Lo considero da tempo un patriarca della pedata latina. Nel suo orgoglio di povero ho letto meglio che nella millantata biografia del tecnico. Paco el Sevillano tratta con i facchini mori che rifiutano di salvare la grassa sposa Maria Gavilan caduta in acqua al momento di passare dalla nave al traghetto. Paco ha pochi soldini e si svena per amor della moglie, miracolosamente evitata dai pescicani. Così debbono abitare nelle misere baracche sulle dune di Casablanca. Helenio cresce brado e si prova finanche a rubare cibo per la famiglia affamata. Paco predica l’onestà ma l’appetito è sordo ad ogni argomento che non contempli il mordere con denti allupati. Helenio lo ricorda con sfida. E voi fatevi avanti, sepolcri imbiancati. Paco el Sevillano lo accompagna a veder partite di calcio: bevono un gazzosino in due e nascondono il vetro per riaverne i dieci ghelli del deposito. Quando sparirà un vetro, Paco rimprovererà a Helenito di averlo nascosto male, tanghero di uno.
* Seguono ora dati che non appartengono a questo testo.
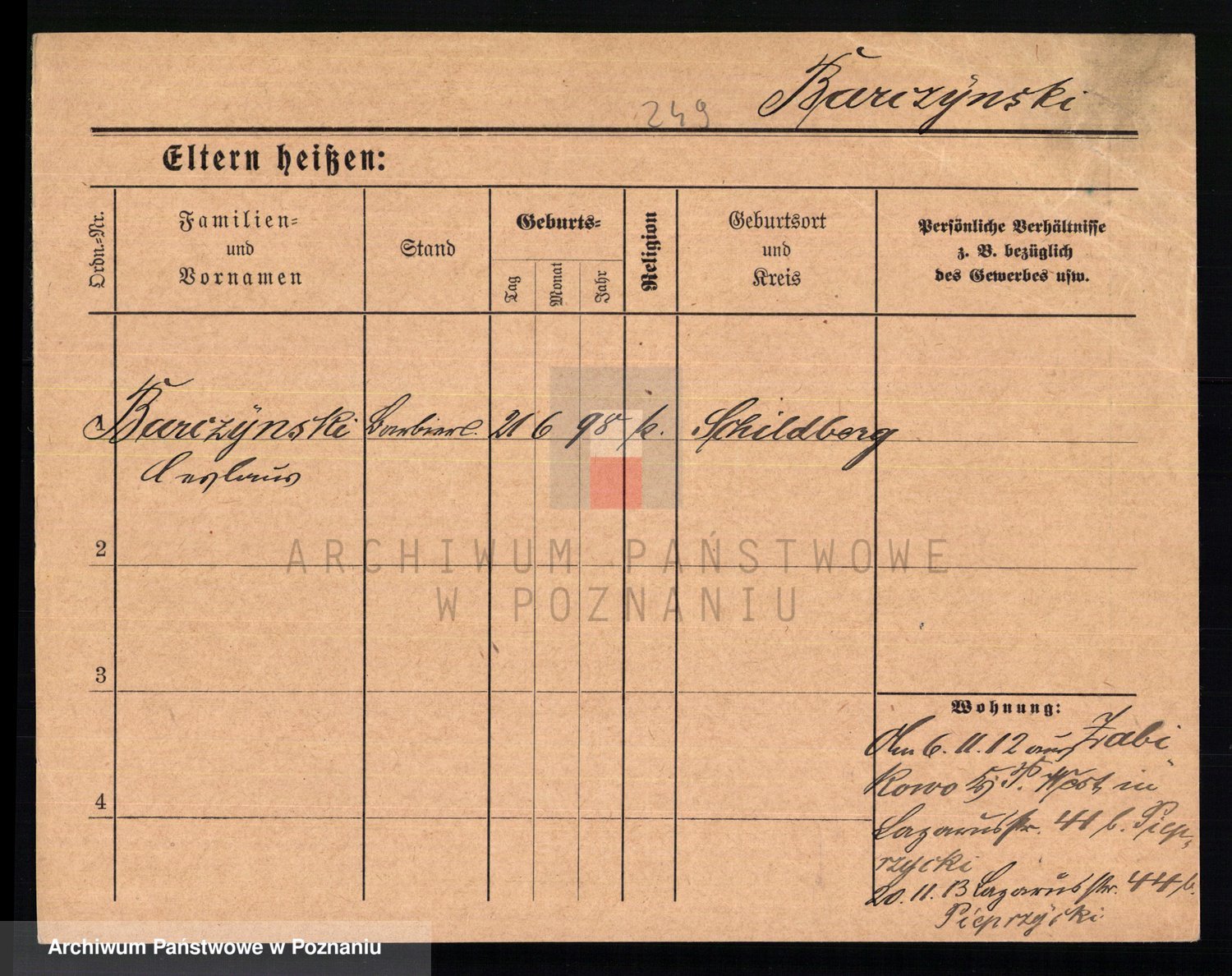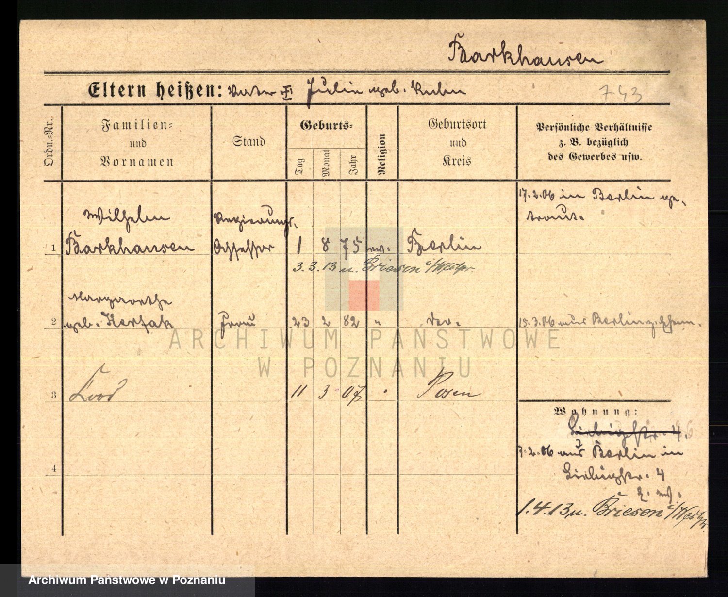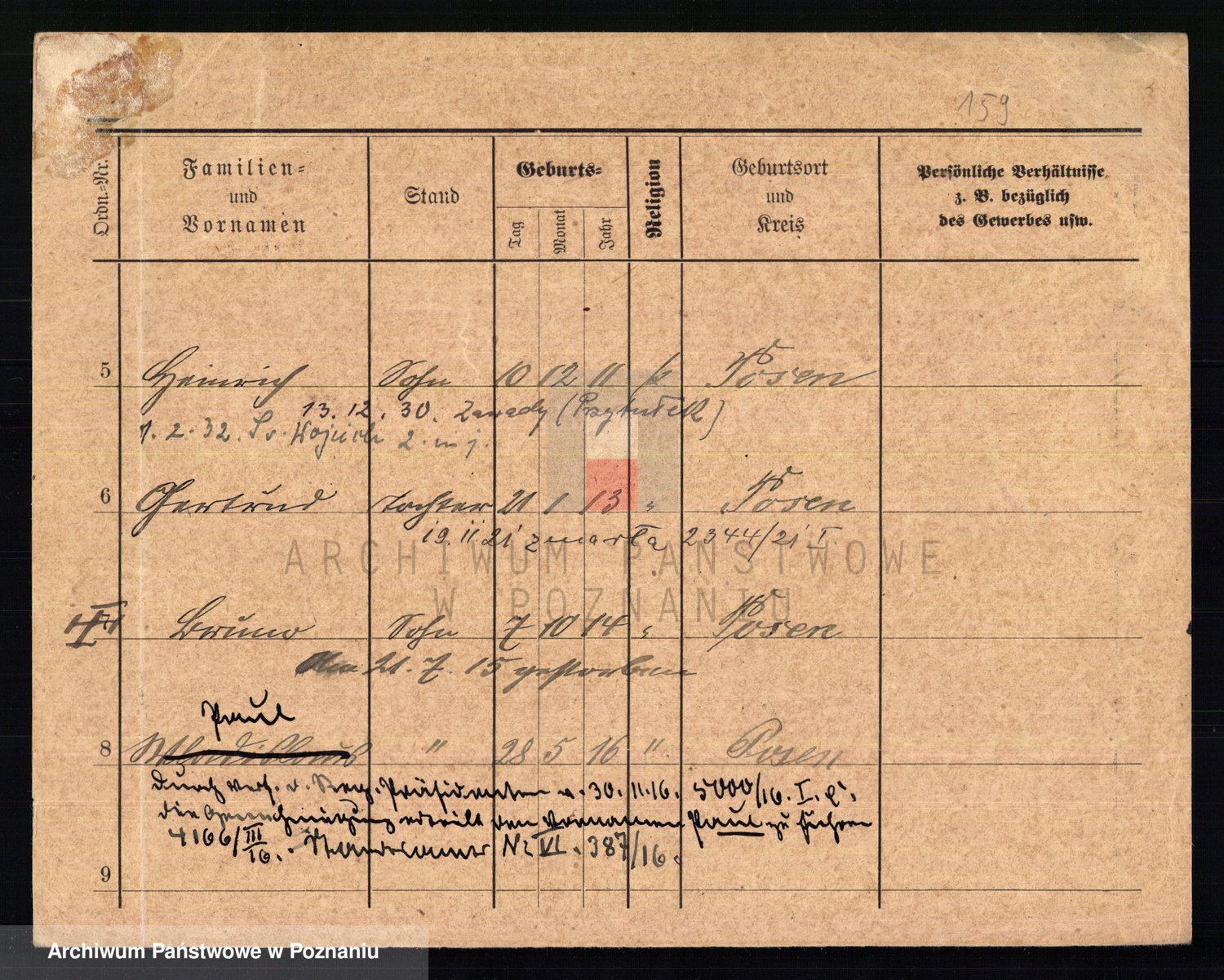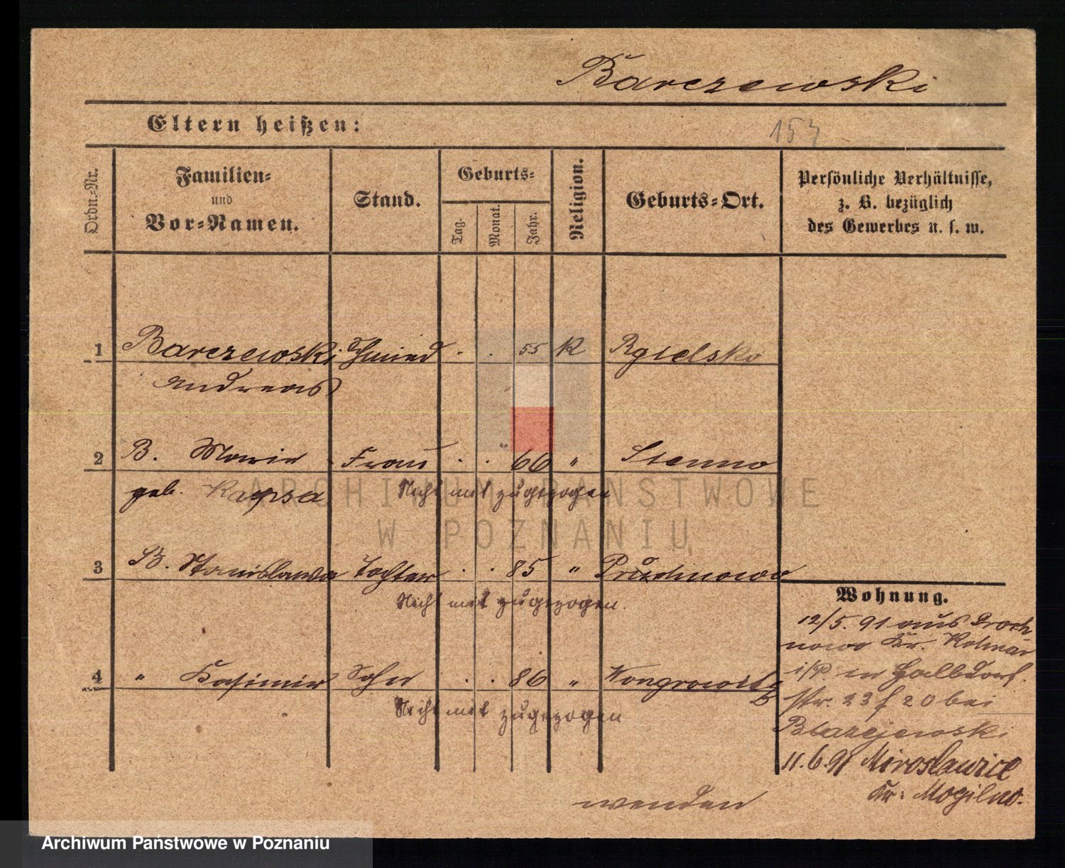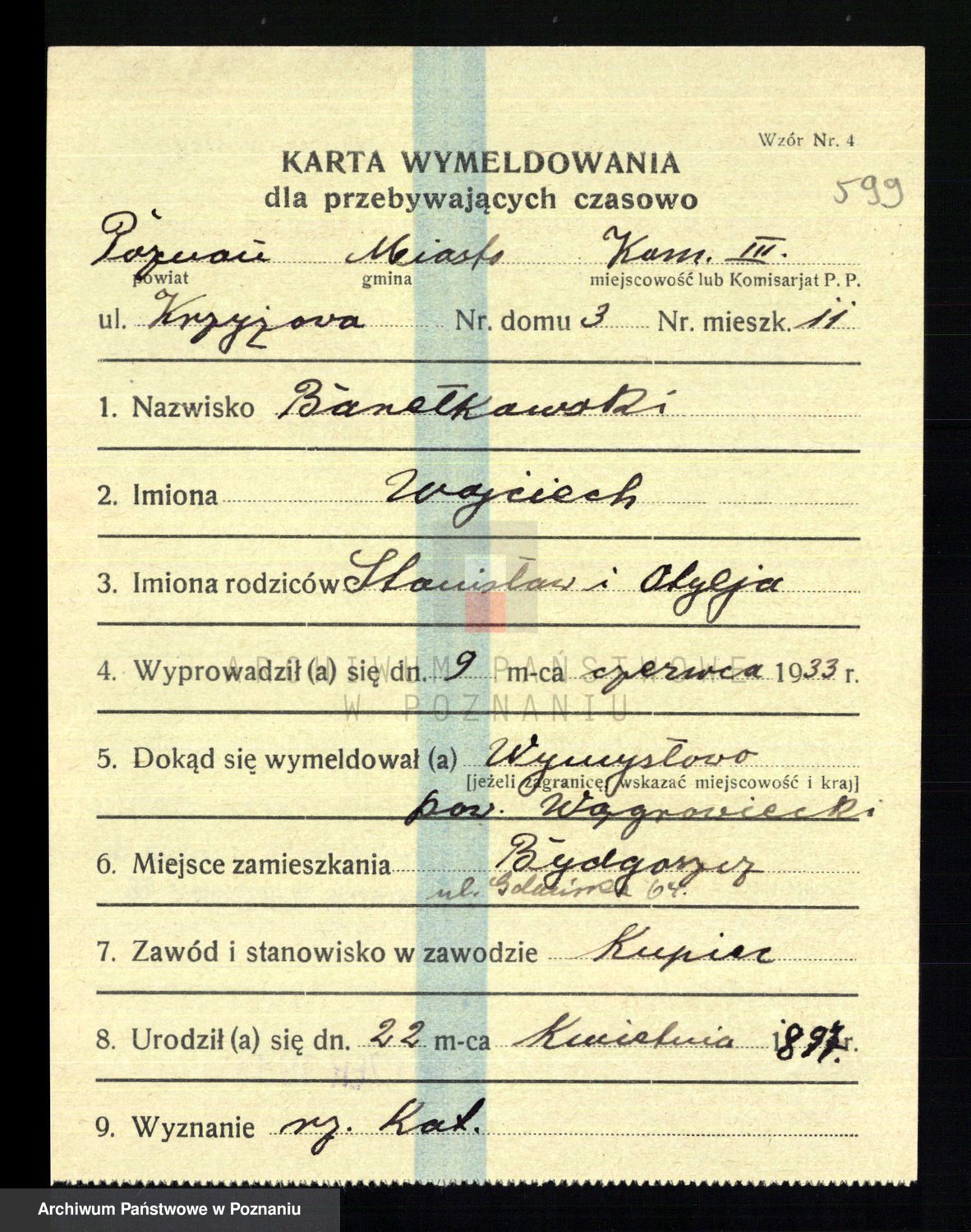 Podgląd karty osobowej dostępny jest po kliknięciu na nazwisko lub ikonkę karty. Można dokonywać powiększenia (ikony na górze) lub przechodzić między kolejnymi skanami (strzałki po bokach).
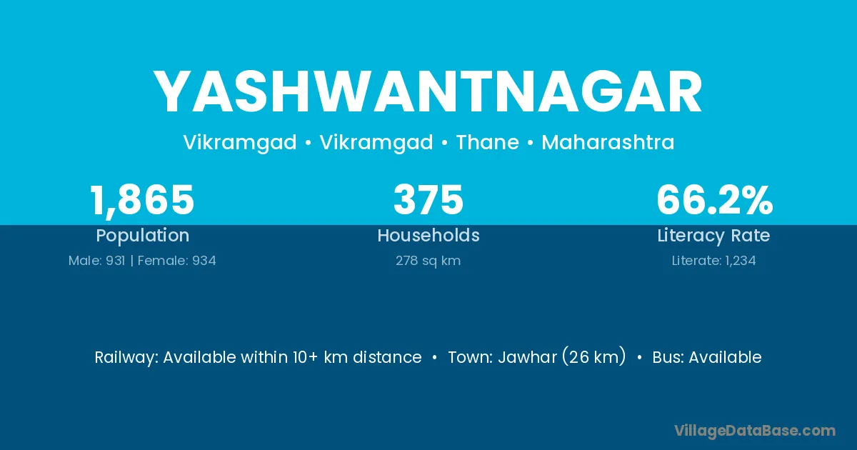 Jawhar (26 km) is the nearest town to Yashwantnagar village for major economic activities and is located approximately 26 km away.

La Francia degli Anni Trenta è un paradiso appetto del quale le dune di Casablanca servono solo a destare incubi. Signora, senta se non è miracoloso questo incenso per disperdere i cattivi odori (e le incendia sull’ uscio una pelle di coniglio). Il suo socio di pensione vive meglio: entra nei negozi di cappellaio, prova un cappello avvicinandosi allo specchio e alla porta, dalla quale si precipita per sparire. Lo spogliatoio di Milano si riempie di cartelli recanti slogan di pretta marca “fassista”. Ne ridono tutti sorpresi e divertiti. Helenio scrolla le spalle. I giocatori sono amati schiavetti ai quali viene via via sottratto il cibo ignorante. Capita da me Risti Guarneri, un bel giorno, e divora un salame lungo un braccio. Scrivo che l’Inter è scoppiata in semifinale di Coppa Campioni perchè tutti i suoi hanno gli occhi vitrei dei ciclisti già cotti ai piedi del Tourmalet. Lui raddoppia il lavoro per dimostrare – me lo dice Picchi – che sono un ubriacone sclerotico. A Lisbona, i resti dell’Inter hanno un quarto d’ora di autonomia. Poi si coricano per terra, mortificati dal mediocre Celtic. Non importa – ora mi dico – formalizzarsi. Nel calcio nessuno ha sempre ragione; nessuno ha sempre torto. Helenio ha dato la sua impronta a un’epoca. Ha vinto molto e anche molto perduto ma, tutto sommato, la sua è la figura d’un vincente. E come tale può dire nel calcio quel che gli aggrada: nessuno dei suoi molti figli perderà il pane per un pronostico mal azzeccato.